··· Stored data

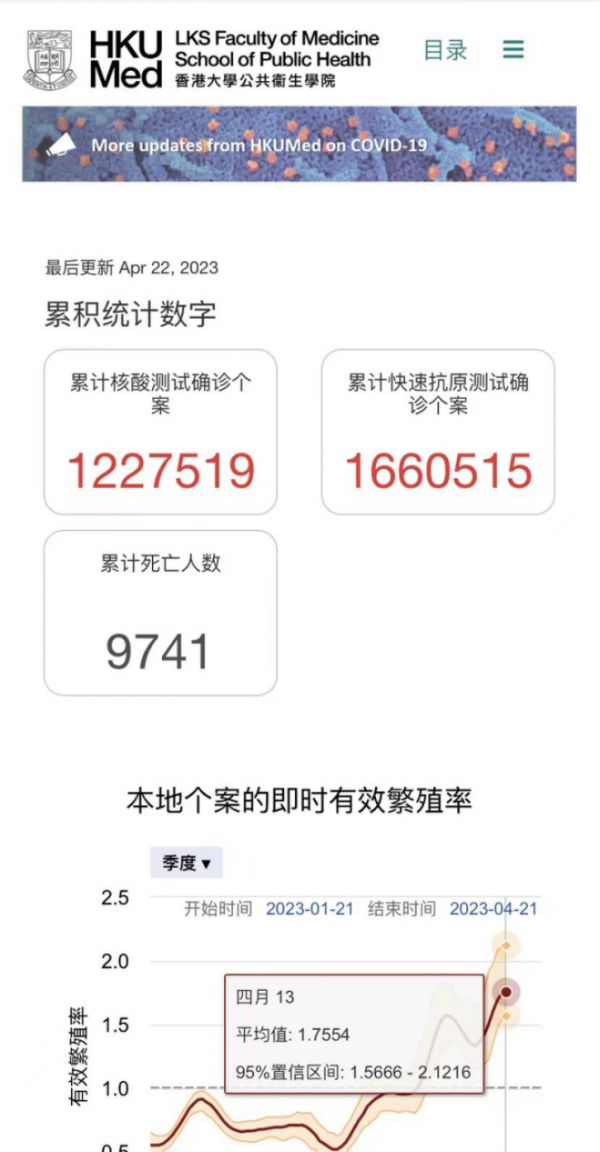 香港大学“2019冠状病毒-众志成城疫情监察计划”,自2023年1月21日,至2023年4月21日的数据。
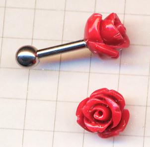 天然石風のバラのついた軟骨・耳たぶ兼用ピアス16G・14G
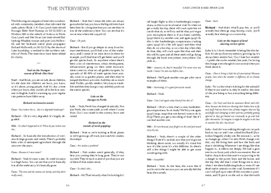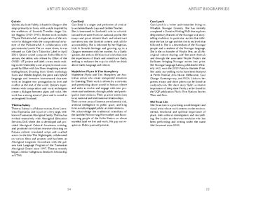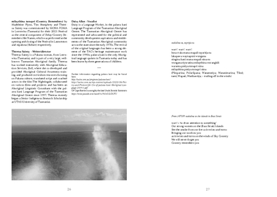 With special thanks to all the artists, Oliver Pitt for his design work and photography, Arnold De Boer, Lucy Wright, David Donaldson, Bidiya Noel Nannup, Lola McDowell and Richard McDowell for the contributions to the research, Oli Barrett for mastering the tracks, Good Press for the printing, Grace Wright for the proofreading and Simon Worthington for the furniture design and manufacturing.

······

What to produce. Leaving out the images, repeat the listing above exactly.

Response to this exercise.
 香港大学“2019冠状病毒-众志成城疫情监察计划”,自2023年1月21日,至2023年4月21日的数据。
 天然石風のバラのついた軟骨・耳たぶ兼用ピアス16G・14G
 With special thanks to all the artists, Oliver Pitt for his design work and photography, Arnold De Boer, Lucy Wright, David Donaldson, Bidiya Noel Nannup, Lola McDowell and Richard McDowell for the contributions to the research, Oli Barrett for mastering the tracks, Good Press for the printing, Grace Wright for the proofreading and Simon Worthington for the furniture design and manufacturing.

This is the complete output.